▶ _To do_
If a record contains a picture, drop the picture and copy everything else exactly.
____
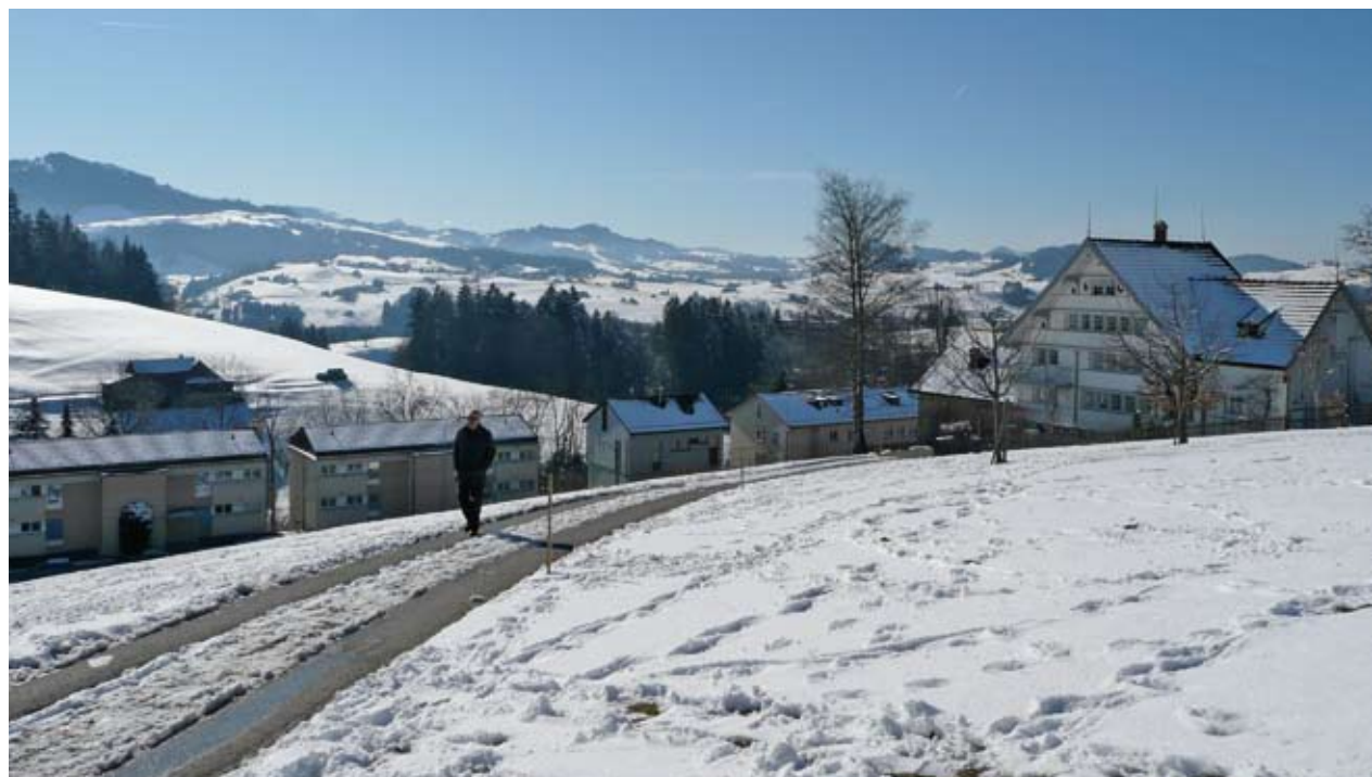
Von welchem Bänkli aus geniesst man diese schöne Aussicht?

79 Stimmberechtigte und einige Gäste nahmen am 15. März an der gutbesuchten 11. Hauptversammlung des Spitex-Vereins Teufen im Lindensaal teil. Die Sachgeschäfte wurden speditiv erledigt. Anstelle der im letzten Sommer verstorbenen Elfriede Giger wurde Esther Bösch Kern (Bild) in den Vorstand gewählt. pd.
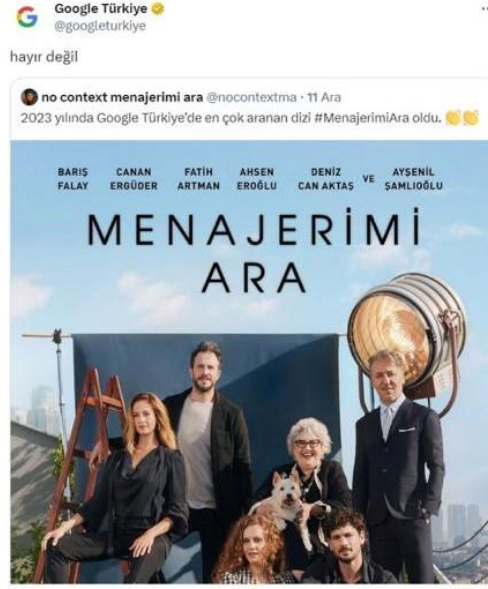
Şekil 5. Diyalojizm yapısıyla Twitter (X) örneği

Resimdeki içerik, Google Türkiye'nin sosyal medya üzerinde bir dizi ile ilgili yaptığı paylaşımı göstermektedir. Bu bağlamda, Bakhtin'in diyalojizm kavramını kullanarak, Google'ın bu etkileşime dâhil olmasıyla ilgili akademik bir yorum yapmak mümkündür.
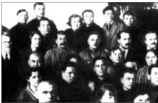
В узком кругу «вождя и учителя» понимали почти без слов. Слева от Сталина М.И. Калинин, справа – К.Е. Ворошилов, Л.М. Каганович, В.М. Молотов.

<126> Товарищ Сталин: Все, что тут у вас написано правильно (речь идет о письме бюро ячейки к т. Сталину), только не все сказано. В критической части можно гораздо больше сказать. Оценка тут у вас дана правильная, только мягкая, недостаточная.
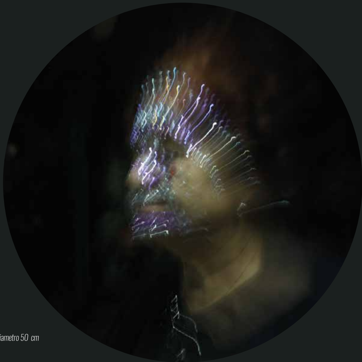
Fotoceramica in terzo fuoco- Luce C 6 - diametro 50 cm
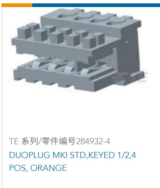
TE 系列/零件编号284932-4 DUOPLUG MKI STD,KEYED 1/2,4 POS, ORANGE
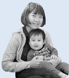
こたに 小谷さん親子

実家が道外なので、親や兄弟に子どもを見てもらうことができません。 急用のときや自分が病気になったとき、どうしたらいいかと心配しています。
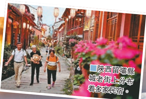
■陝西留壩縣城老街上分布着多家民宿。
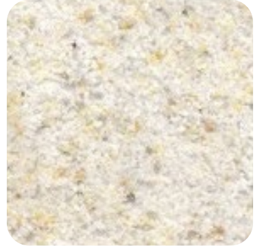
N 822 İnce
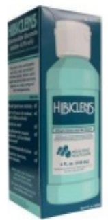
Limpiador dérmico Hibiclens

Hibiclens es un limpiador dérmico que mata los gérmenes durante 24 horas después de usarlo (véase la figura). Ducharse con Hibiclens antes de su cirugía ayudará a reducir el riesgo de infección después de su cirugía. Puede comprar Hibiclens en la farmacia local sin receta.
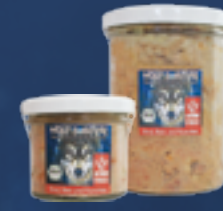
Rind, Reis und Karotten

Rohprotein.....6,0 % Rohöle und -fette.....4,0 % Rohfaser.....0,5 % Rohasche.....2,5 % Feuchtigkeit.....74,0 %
____
▶ _Task output_
Von welchem Bänkli aus geniesst man diese schöne Aussicht?

79 Stimmberechtigte und einige Gäste nahmen am 15. März an der gutbesuchten 11. Hauptversammlung des Spitex-Vereins Teufen im Lindensaal teil. Die Sachgeschäfte wurden speditiv erledigt. Anstelle der im letzten Sommer verstorbenen Elfriede Giger wurde Esther Bösch Kern (Bild) in den Vorstand gewählt. pd.
Şekil 5. Diyalojizm yapısıyla Twitter (X) örneği

Resimdeki içerik, Google Türkiye'nin sosyal medya üzerinde bir dizi ile ilgili yaptığı paylaşımı göstermektedir. Bu bağlamda, Bakhtin'in diyalojizm kavramını kullanarak, Google'ın bu etkileşime dâhil olmasıyla ilgili akademik bir yorum yapmak mümkündür.
В узком кругу «вождя и учителя» понимали почти без слов. Слева от Сталина М.И. Калинин, справа – К.Е. Ворошилов, Л.М. Каганович, В.М. Молотов.

<126> Товарищ Сталин: Все, что тут у вас написано правильно (речь идет о письме бюро ячейки к т. Сталину), только не все сказано. В критической части можно гораздо больше сказать. Оценка тут у вас дана правильная, только мягкая, недостаточная.
Fotoceramica in terzo fuoco- Luce C 6 - diametro 50 cm
TE 系列/零件编号284932-4 DUOPLUG MKI STD,KEYED 1/2,4 POS, ORANGE
こたに 小谷さん親子

実家が道外なので、親や兄弟に子どもを見てもらうことができません。 急用のときや自分が病気になったとき、どうしたらいいかと心配しています。
■陝西留壩縣城老街上分布着多家民宿。
N 822 İnce
Limpiador dérmico Hibiclens

Hibiclens es un limpiador dérmico que mata los gérmenes durante 24 horas después de usarlo (véase la figura). Ducharse con Hibiclens antes de su cirugía ayudará a reducir el riesgo de infección después de su cirugía. Puede comprar Hibiclens en la farmacia local sin receta.
Rind, Reis und Karotten

Rohprotein.....6,0 % Rohöle und -fette.....4,0 % Rohfaser.....0,5 % Rohasche.....2,5 % Feuchtigkeit.....74,0 %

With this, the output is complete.